Here are some takeaways for those who want to play with GenAI in their personal apps:
- I highly recommend using a cloud API provider like OpenRouter rather than self-hosting LLMs on your own VMs or (even worse) buying a physical machine with GPUs. It’s infinitely cheaper and more convenient to use the cloud here, especially for personal-scale projects. Even with thousands of queries per day, Python Tutor’s AI costs are tiny compared to paying for VMs or physical machines.
- Waiting helped! It’s good to not be on the bleeding edge all the time. If I had attempted to do this project in 2021 during the early days of the OpenAI GPT-3 API like early adopters did, I would’ve faced a lot of pain working around rough edges in fast-changing APIs; easy-to-use instruction-tuned chat models didn’t even exist back then! Also, there would not be any online docs or tutorials about best practices, and (very meta!) LLMs back then would not know how to help me code using those APIs since the necessary docs weren’t available for them to train on. By simply waiting a few years, I was able to work with high-quality stable cloud APIs and get useful technical help from Claude and ChatGPT while coding my app.
- It’s fun to play with LLM APIs rather than using the web interfaces like most people do. By writing code with these APIs you can intuitively “feel” what works well and what doesn’t. And since these are ordinary web APIs, you can integrate them into projects written in any programming language that your project is already using.
- I’ve found that a short, direct, and simple system prompt with a larger LLM will beat elaborate system prompts with a smaller LLM. Shorter system prompts also mean that each query costs you less money (since they must be included in the query).
- Don’t worry about evaluating output quality if you don’t have resources to do so. Come up with a few handcrafted tests and run them as you’re developing—in my case it was tricky pieces of code that I wanted to ask Python Tutor’s AI chat to help me fix.
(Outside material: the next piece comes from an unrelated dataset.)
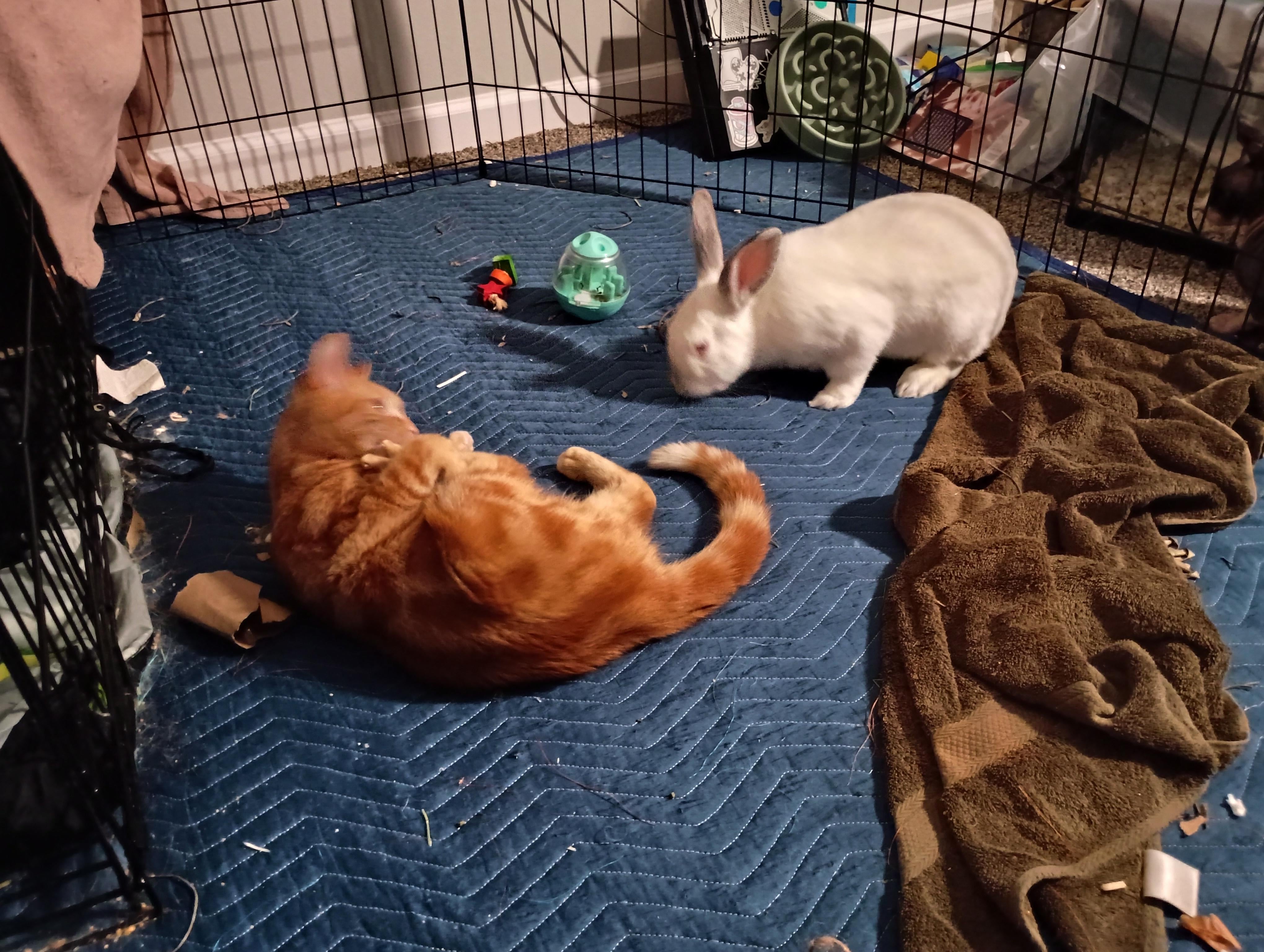 Casper was far more interested in finding snacks than giving Mars attention. Casper tolerates Mars presence in his pen, even letting Mars poke him, his favorite pass time. I don't leave them unsupervised like this since Mars is still young and learning. I've even seen Casper ask Mars to groom him a couple of times, though the poor cat doesn't quite understand what that means yet.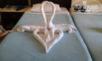 Нас заселили в номер где то в центре с видом на сад - ничего не давали, вид хороший, приятный, до ресторана\ресепшена минуты 3 идти, до пляжа минут 5 не торопясь, нас вполне устраивало. В номере все работало, единственное что у нас было указано 1 двухспальная кровать и 1 односпальная, а у нас в номере было 2 односпальные. Мы приехали вечером и не стали уже с этой кроватью решать, попросили чтобы принесли, на следующий день еще раза 3 напомнили и у нас было 3 односпальные кровати. Комары сильно не донимали, но на улице если вечером сесть покусывают. В нашем номере было только мыло жидкое, но мы знали заранее и взяли все остальное с собой. Там к слову душ, а не ванна. Полотенца меняли каждый день днем, часто оставляли что-то из полотенец, ребенку нравилось.

If you stress too much about optimizing LLM performance, then you’ll never ship anything! And if you find yourself yearning for better quality, upgrade to a larger LLM first rather than tediously tweaking your prompt.
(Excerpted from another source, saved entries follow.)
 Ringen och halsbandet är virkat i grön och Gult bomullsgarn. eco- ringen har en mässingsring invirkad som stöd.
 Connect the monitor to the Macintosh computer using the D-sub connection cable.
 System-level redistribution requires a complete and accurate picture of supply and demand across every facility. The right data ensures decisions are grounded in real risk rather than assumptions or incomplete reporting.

- It’s very hard to estimate how much running an LLM will cost in production since costs are calculated per million input/output tokens, which isn’t intuitive to reason about. The best way to estimate is to run some test queries, get a sense of how wordy the LLM’s responses are, then look at your account dashboard to see how much each query cost you. For instance, does a typical query cost 1/10 cent, 1 cent, or multiple cents? No way to find out unless you try. My hunch is that it probably costs less than you imagine, and you can always implement rate limiting or switch to a lower-cost model later if cost becomes a concern.
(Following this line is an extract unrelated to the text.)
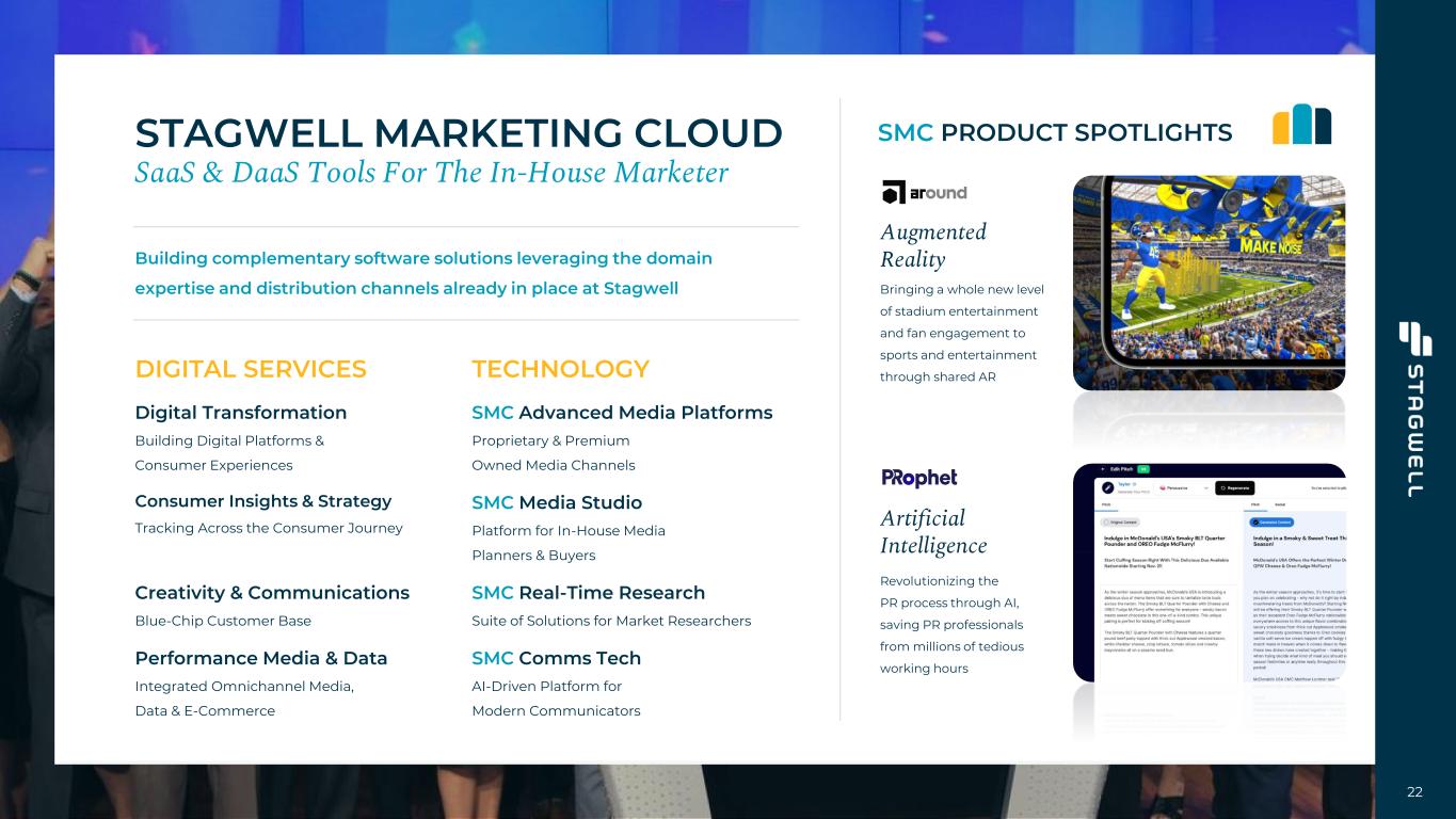 C A P I T A L S T R U C T U R E Note: Share count assumes full conversion of Class C shares to Class A on a one-to-one basis. Numbers may not foot due to rounding 1. Excludes non-controlling interest of Stagwell Class C shareholders to reflect NCI balance pro forma for full conversion of Class C shares to Class A. 2. A portion of the DAC will be paid with approximately 4.9m shares assuming conversion as of 3/31/24. 3. Includes redeemable non-controlling interest and obligations in connection with profit interests held by employees. 4. Non-consolidated investments 5. Share Count does not include unvested stock grants, unsettled SARs or portion of DAC to be settled in stock. Pro Forma total share count as of 4/24/2024 would be 117.7m Class A shares, 151.6 Class C shares, 5.1m shares to settle DAC and 58.5m share-based awards, for a total of 282.9m shares outstanding. 6. Estimated shares to be issued upon the exercise of settled SAR awards using treasury method. Net Debt & Debt-Like ($M, as of 3/31/2024) Revolving Credit Facility $ 182 Bonds 1,100 NCI1 23 DAC2 101 RNCI3 31 Less: Investments4 15 Less: Cash 130 TOTAL NET DEBT & DEBT-LIKE $ 1,292 Share Count5 (Thousands, as of 4/24/2024) Class A 117,739 Class C (equal voting & economic rights to Class A) 151,649 Share-based awards6 8,447 DILUTED 277,835 21

- Related to above, if you’re making a prototype or something where only a small number of people will use it at first, then definitely use the best state-of-the-art LLM to show off the most impressive results. Price doesn’t matter much since you won’t be issuing that many queries. But if your app has a fair number of users like Python Tutor does, then pick a smaller model that still performs well for its price. For me it seems like Llama 3.3 70B strikes that balance in early 2025. But as new models come onto the scene, I’ll reevaluate those price-to-performance trade-offs.